— Мария Ивановна.
— Вам небось и двадцати-то пяти нету.
— Да уж вы скажете, — Мария Ивановна, приятно сконфузившись, ушла на свою половину.
Разобрав свои вещи, Егор Егорыч долго осматривал инструменты: пилки, резцы, долота, потом притянул и смазал ослабевшие навесы на входных дверях и, взяв полотенце, ушел к заливу.
Вечером нанесло жаркую грозу: молнии и удары грома следовали часто, один за другим, а в промежутках между ними весь душный и нагретый воздух истекал белым искорьем и трещал по сухим стенам дома, будто отдирали старые залубеневшие обои.
Егор Егорыч сидел на веранде и смотрел, как выхаживают струи дождя по ступеням лестницы, как на тесовых перилах вспыхивает водяная пыль в синем огне молнии, как ветер рвет и заламывает потоки из водосточных труб, снося их на камни и клумбы далеко от налитых уже бочек. Хозяйка, напуганная грозой, едва успела закрыть в доме ставни и затаилась в своей спаленке, не вздувая огня, боясь приманить на него стрелу молнии.
После грозы с залива потянуло мокрым холодом. Но воздух был свеж и припахивал сосновой смолью.
Утро было влажное и теплое. Солнце томилось в вязком тумане, однако грело пристально, обещая жаркий день и дождь к вечеру.

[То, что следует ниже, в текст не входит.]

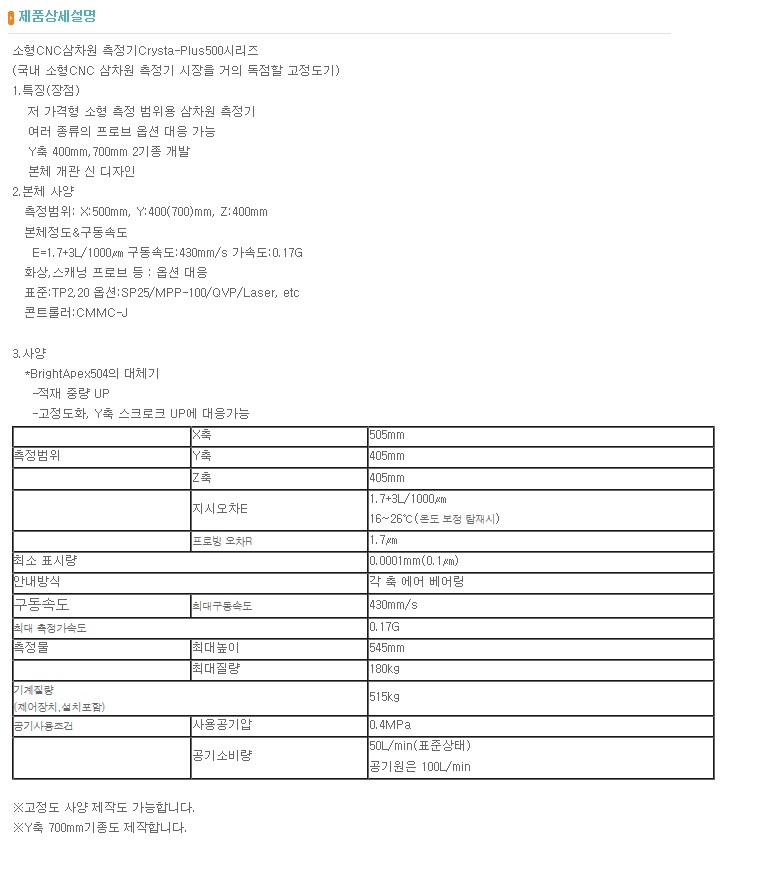 LOGIN JOIN 회사소개 인사말 연혁 조직구성 인정현황 수상이력 공평성보장선언문 오시는 길 교정 교정절차 및 지원서비스 교정이란? 측정의 소급성 교정수수료 및 교정주기 인정항목 교정가능 품목조회 온라인서비스 견적요청 실시간 진행상황 조회 상품판매 길이/측정공구 저울/수분측정기 전기/전자계측기 푸쉬풀/토크게이지 압력계 정밀측정장비 기준게이지 재료시험기 마이크로피펫/디스펜서 환경측정기 고객지원 공지사항 Q&A 자료실 교정 성적서 진위여부 확인 채용정보 FAQ 한국인정기구(KOLAS)인정 KS Q ISO/IEC 17025 국제공인교정기관 길이/측정공구 저울/수분측정기 전기/전자계측기 푸쉬풀/토크게이지 압력계 정밀측정장비 기준게이지 재료시험기 마이크로피펫/디스펜서 환경측정기 정밀측정장비 삼차원측정기 2D화상측정기 이차원측정기 형상측정기 조도측정기 조도/형상측정기 진원도측정기 제품명 BEYOND-CRYSTA 710 모델 BLN-C710 제조사 MITUTOYO 규격 제품상세설명 제품명 CNC COORDINATE MEASURING MACHINE 모델 CRYSTA PLUS 544 제조사 MITUTOYO 규격 제품상세설명 제품명 초 고정밀도 3차원측정기 모델 LEGEX707 제조사 MITUTOYO 규격 제품상세설명 12 계측기 판매

Егор Егорыч сходил к заливу, искупался и сел за работу: он резал из березовых плашек накладки с тонким орнаментом, которые после позолоты пойдут на отделку панелей. Так как дверь в его комнату была отворена, то хозяйка, проходя мимо, приглядывалась к постояльцу, а когда пришла звать его к чаю, заметила:
— Сор от вас будет, а я не бралась чистить за вами…
— Да уж вы не извольте иметь беспокойство, Мария Ивановна. Доброе вам утро. Что насорю, то и уберу. Да ведь и сору-то — на чайную ложку. Поглядите-ка сами.

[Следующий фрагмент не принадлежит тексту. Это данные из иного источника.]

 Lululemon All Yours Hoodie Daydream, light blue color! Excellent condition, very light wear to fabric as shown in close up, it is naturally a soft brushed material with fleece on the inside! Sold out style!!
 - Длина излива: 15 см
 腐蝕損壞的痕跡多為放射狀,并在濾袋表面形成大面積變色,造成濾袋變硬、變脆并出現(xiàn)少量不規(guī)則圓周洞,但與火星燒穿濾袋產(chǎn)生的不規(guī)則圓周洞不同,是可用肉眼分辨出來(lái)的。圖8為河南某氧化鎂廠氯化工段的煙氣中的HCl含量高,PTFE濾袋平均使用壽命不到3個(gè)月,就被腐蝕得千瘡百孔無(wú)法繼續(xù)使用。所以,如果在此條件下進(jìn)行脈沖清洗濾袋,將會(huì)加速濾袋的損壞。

На чистой холстине у Егора Егорыча лежал инструмент, березовые заготовки и незаконченная розетка величиной с пятак. На ней уже были вырезаны тонкие лепестки, так уложенные один к одному, что между ними струился розовый свет.
— Кто же вас приставил к такому рукомеслу, Егор Егорыч? Небось сызмала?
— Дед-покойничек. Царствие ему небесное, иконостас для самого Исаакия резал.
— Одно слово, божье дело. Стало быть, талант. А теперь ступайте чай пить.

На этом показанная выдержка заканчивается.